Pictures in the records below must be left out. Return exactly the lines from the line with "Размер 180х180 см" to the line with "精准锁定核心观众:主机厂占比", both included.
== Entries shown ==
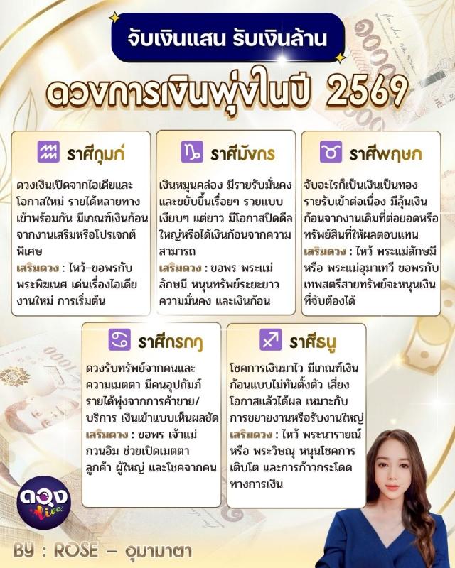 จับเงินแสน รับเงินล้าน ดวงการเงินพุ่งในปี 2569 : BY : ROSE - อุมามาตา
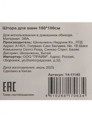 Размер 180х180 см универсален: штора подходит для большинства стандартных и угловых ванн, легко регулируется по высоте за счёт колец в комплекте.
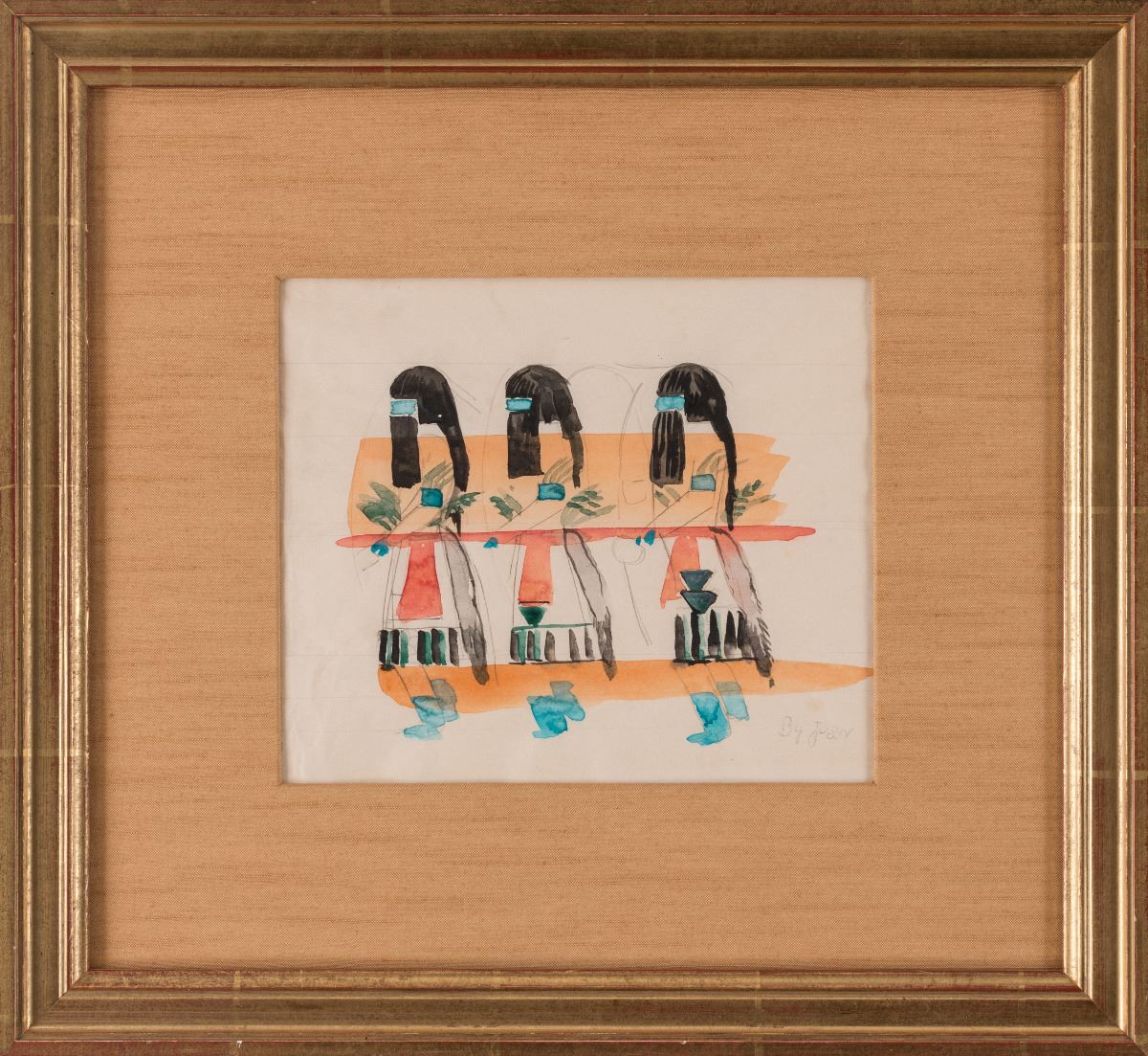 Juan Mirabal (1903-1970). Line of Dancers. 6 ¼" x 7 ¼" watercolor. Signed lower right.
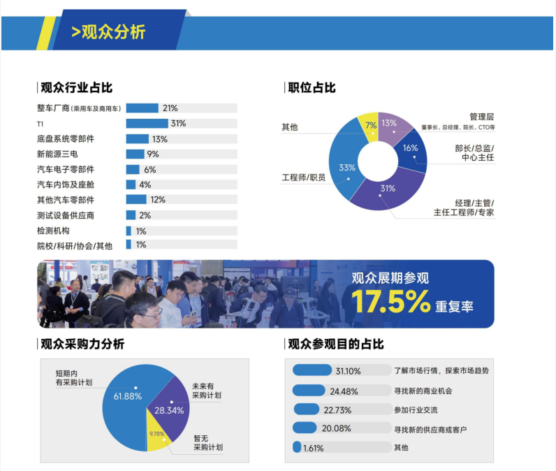 精准锁定核心观众:主机厂占比超20%、T1厂商占比超30%,61.88%观众短期内有明确采购计划,直连采购决策层,获客更高效;
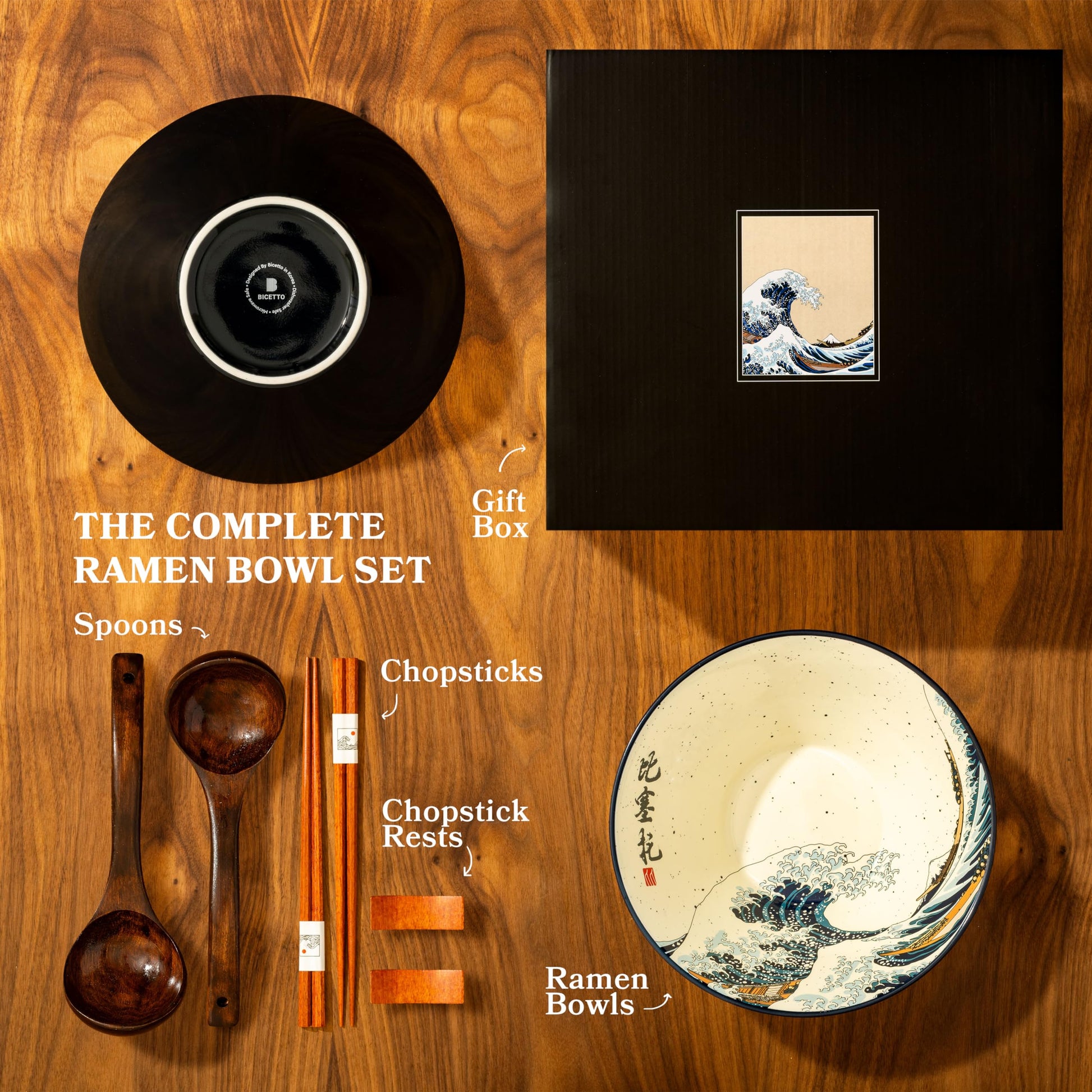 BICETTO Japanese Ramen Bowl Set with Great Wave Design - 60oz Large Ceramic Bowls, Spoons, Chopsticks for Ramen, Pho, Salad, Poke - Premium Gift for Ramen Lovers - Microwave & Dishwasher Safe
===
Task result:
 Размер 180х180 см универсален: штора подходит для большинства стандартных и угловых ванн, легко регулируется по высоте за счёт колец в комплекте.
 Juan Mirabal (1903-1970). Line of Dancers. 6 ¼" x 7 ¼" watercolor. Signed lower right.
 精准锁定核心观众:主机厂占比超20%、T1厂商占比超30%,61.88%观众短期内有明确采购计划,直连采购决策层,获客更高效;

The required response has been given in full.